I hate popcorn. It smells, it sticks in your teeth, the bits that don't puff up break your teeth when you bite on them, it drops in your lap, people drop it on you, people stick their penis into the popcorn box.....the list goes on and on. Astonishingly, popcorn is the most marked up substance in the world. Not gold. Not diamonds. Not oil. Popcorn. The profit margin on popcorn is almost 100%. 'Surely you can't be serious', you say. Well, I am serious. (And don't call me Shirley). Have you ever seen the size of a popcorn kernel, compared to the size of the popcorn you eat? Know what causes the difference? Air. That's mostly air you're eating. Air surrounded by heated corn. And you pay through the nose for it. In fact, the first popcorn vendor in the US in the 1920s, Pat Siske, was so astonished at the lucrative potential of the product, he immediately stole all the corn in America and hid it in his attic, just as investors were starting to buy into it. It is a little-known fact that the ensuing financial chaos caused by the missing corn is now considered the primary cause of the Wall Street Crash in 1929, leading to the Great Depression. Ironically, cinema audiences swelled immensely during the Depression, audiences to which Siske gleefully sold his popped stolen corn, thus cementing forever the link between popcorn and cinema-going in people's minds.

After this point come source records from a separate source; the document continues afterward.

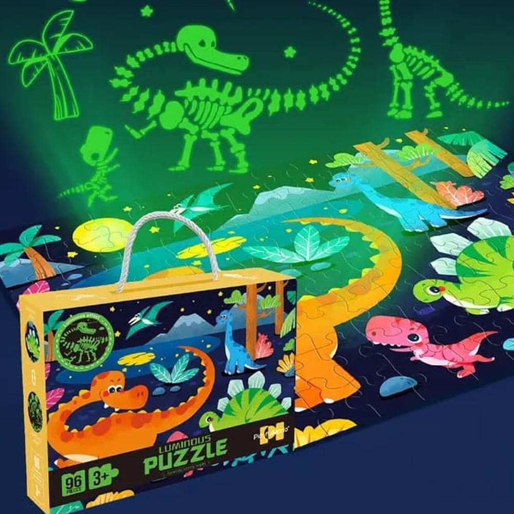 Objavte kúzlo rozprávkového sveta s detským puzzle, ktoré svieti v tme! Toto farebné puzzle s 96 dielikmi prenesie vaše deti do farebného sveta dinosaurov či princezien, a keď sa zhasne – prichádza tá pravá mágia! Časti obrázku sa rozžiaria jemným zeleným svetlom a na scénu nastupujú dinosaurove kostry alebo rozprávkové bytosti ukryté v nočnom svete.
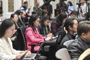 (251024) -- BEIJING, 24 octubre, 2025 (Xinhua) -- Periodistas trabajan en una conferencia de prensa celebrada por el Comité Central...
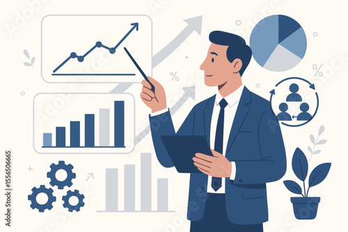 Data analysis concept with businessman presenting a financial report. Professional manager using a tablet for statistics, showing growth charts, productivity and successful business strategy.
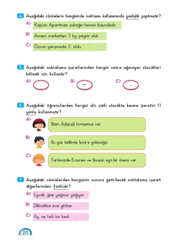 4 Aşağıdaki cümlelerin hangisinde noktanın kullanımında yanlışlık yapılmıştır?
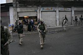 IRAQ. Out of camp Patriot and Merez, Mosul. 2005. Task Force 1-14. Foot patrol in the old city is trying to scout election sites. Get under RPG and machinegun fire.
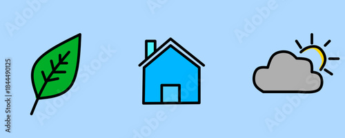 Obraz premium Simple Flat Icon Set Vector Illustration, Leaf Home and Weather Icons with Bold Outline Style

Nowadays, a kernel of corn costs on average 0.00000000000001p. A large bucket of popcorn at the cinema costs anything from £5.99 to £10.99 and contains on average 2,000 popped corns, 50% of which invariably ends up on the cinema floor, whereupon staff sweep it up and resell it at the next showing. You do the maths. It is so cheap and disposable that some shipping companies actually use it as packing material because it's more cost-effective than polystyrene. Only difference is that polystyrene tastes better.

"I can't believe it's
not polystyrene"
'Hold on,' you protest, 'popcorn does taste good!' Does it? Does it really? Why do you think they put sugar and butter and salt on it? Because it tastes of nothing, that's why. You might as well bring a bag of Demerara and a lump of Golden Cow with you and chow down on that. I once read about a blindfolded taste-test that was carried out somewhere by someone, which demonstrated that 97 out of 100 people surveyed could not tell the difference between salted popcorn and salted polystyrene. The other 3 had no mouths and were forced to take the samples anally. They could tell the difference because the polystyrene was not immediately ejected.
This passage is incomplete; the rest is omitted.